Association of private equity ownership on healthcare outcomes and costs

By Dr Jonathan Shurlock
Edited by Dr Ahmed El-Medany

A fascinating study in the BMJ has begun to unpick and explore the role of private equity in healthcare provision. Led by Alexandar Borsa (@alexander_borsa) and Professor Joseph Dov Bruch (@Joe_Bruch), the group carried out a systematic review of studies that evaluated private equity owned healthcare providers. 

The primary outcome measure was the impact of private equity ownership on outcomes, costs, and quality. Studies were identified and then classified as demonstrating benefit, harm, mixed, or neutral impact on these outcome measures. 1,778 studies were identified through usual search techniques, with 55 meeting the author’s inclusion criteria. The included studies assessed healthcare providers from 8 different countries, predominantly the USA (47/55 studies). The studies assessed various settings including nursing home, hospital, and outpatient environments.

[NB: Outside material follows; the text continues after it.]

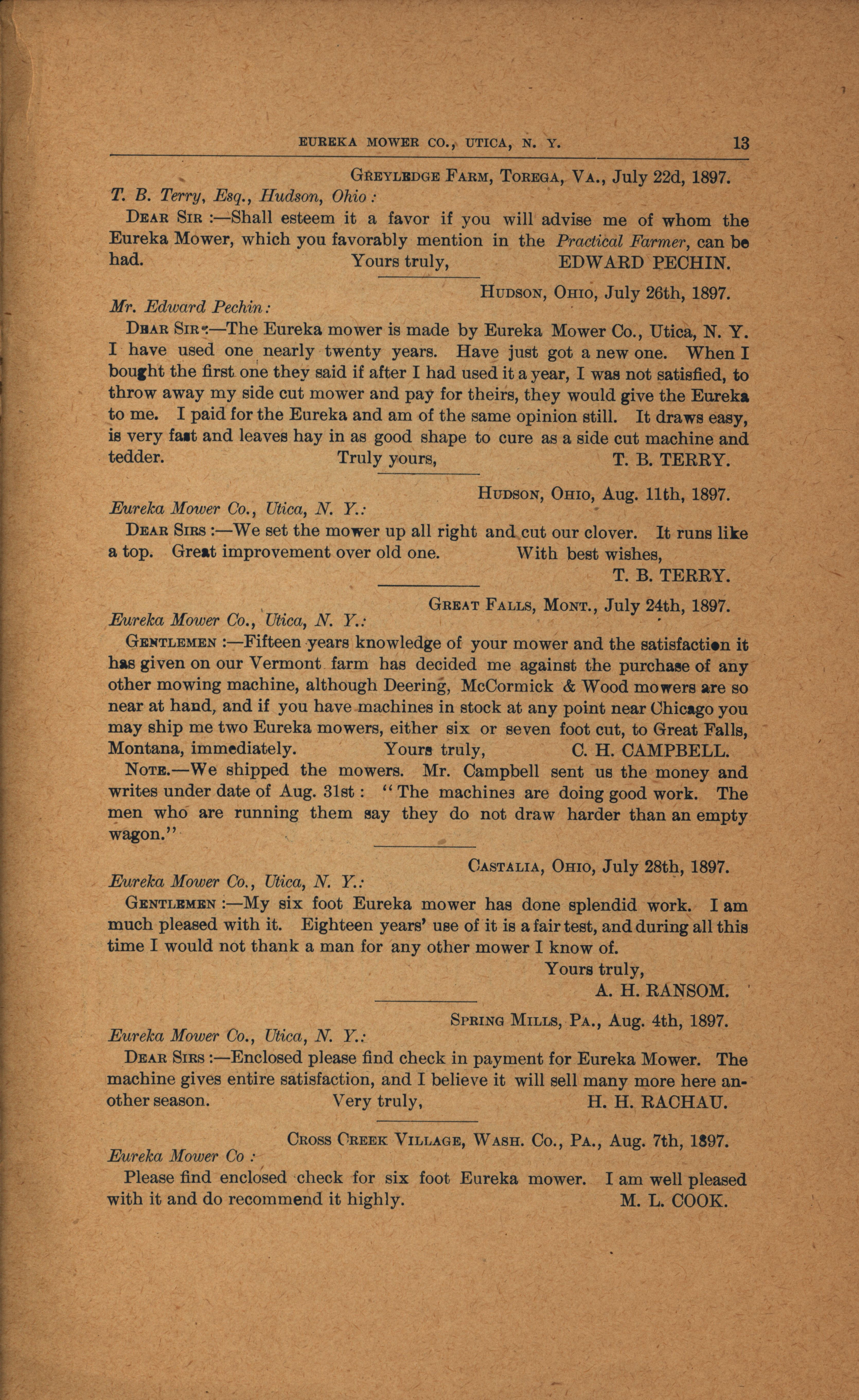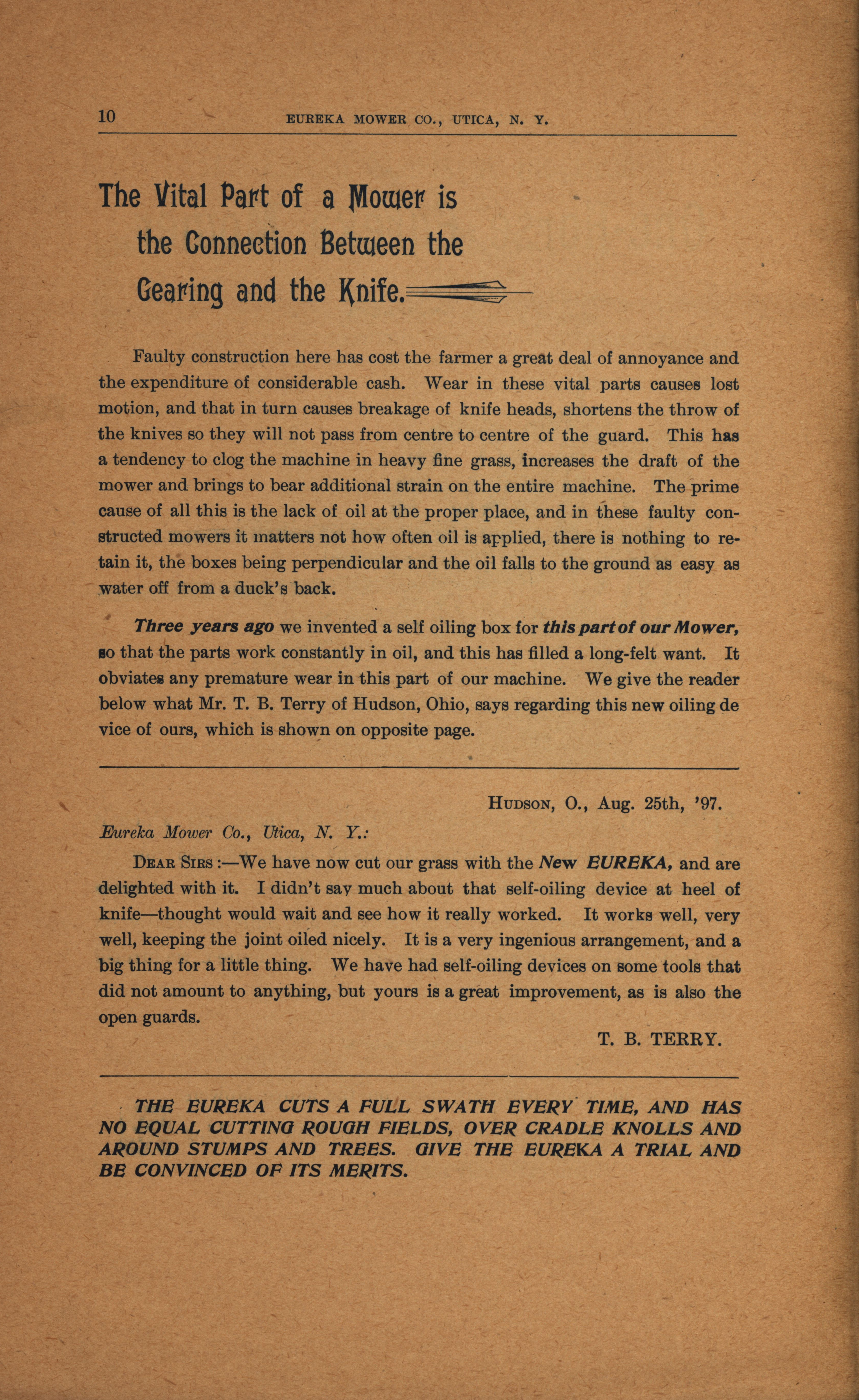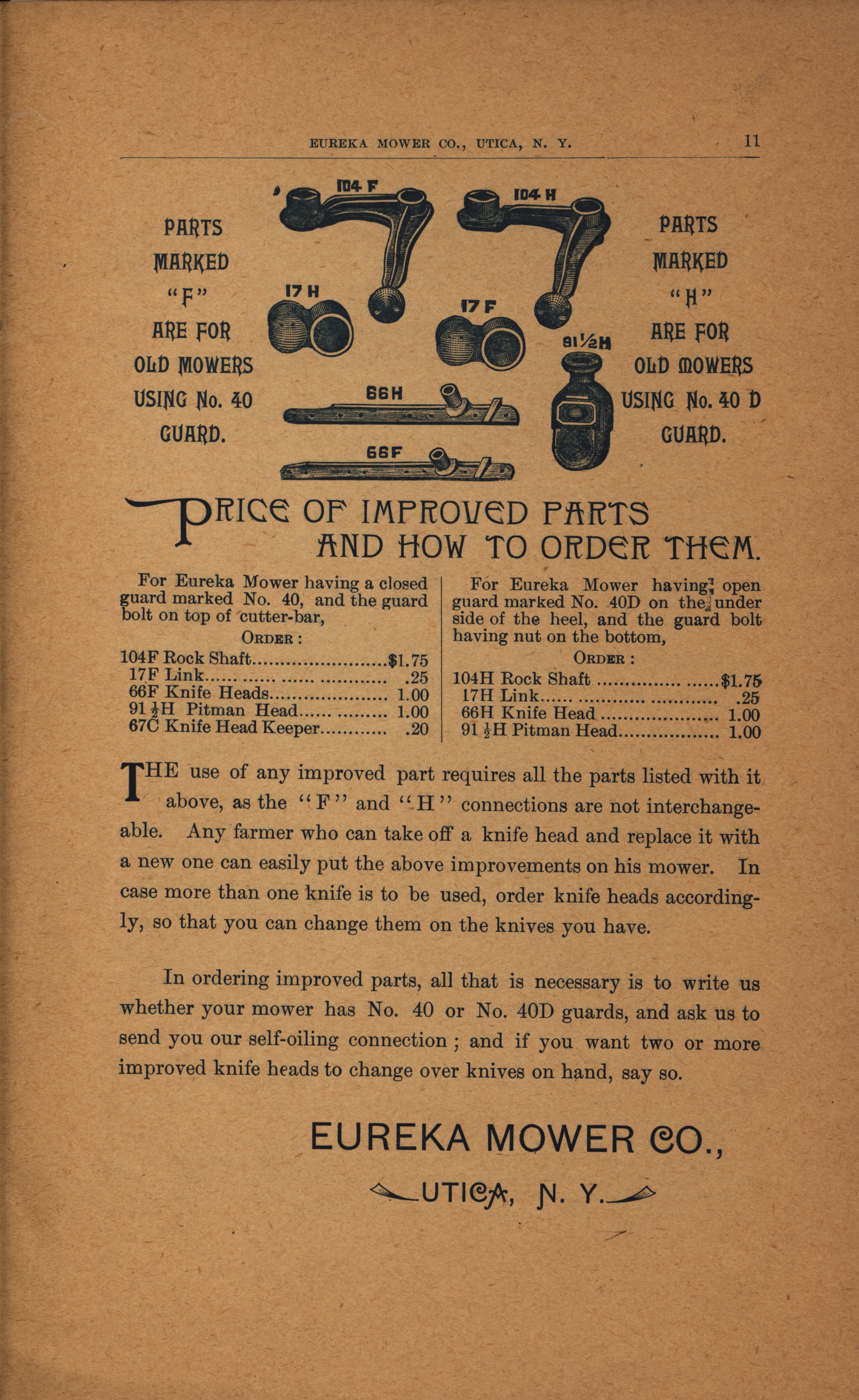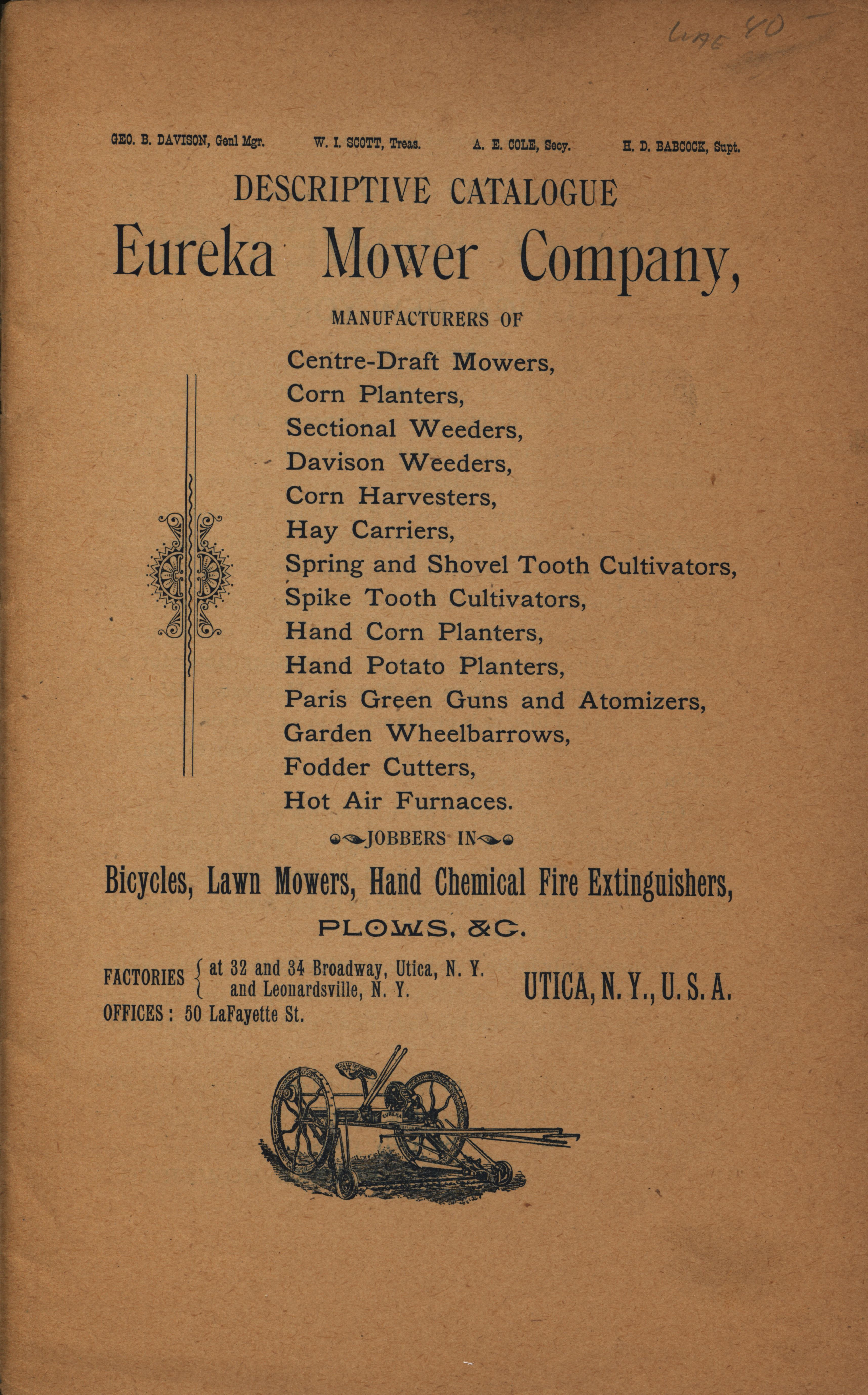 - "Eureka Mower Company catalog", Agricultural Machinery Literature Collection, Iowa State University Library Digital Collections

Private equity ownership was consistently associated with increased costs to either the patient or their healthcare payer (Health insurance provider etc.). The authors also found an association with mixed to harmful impact on quality of healthcare provision. Throughout all assessed studies there was no consistently beneficial impact found.

While the study highlights some concerning features of private equity involvement in healthcare provision, it predominantly includes USA based studies, where this has been a feature of their healthcare system for some time. UK based clinicians may feel this is not relevant or generalisable to their practice at present. In recent years however, there has been a steady increase in private equity purchasing of healthcare provision in the UK. The trend has been written about as far back as 2012 by the association representing private equity and venture capital in Britain. With this evolving relationship between private equity and healthcare provision in the UK, clinicians need to consider the implications of the above research findings on their practice and the shape of the NHS more generally, moving forwards.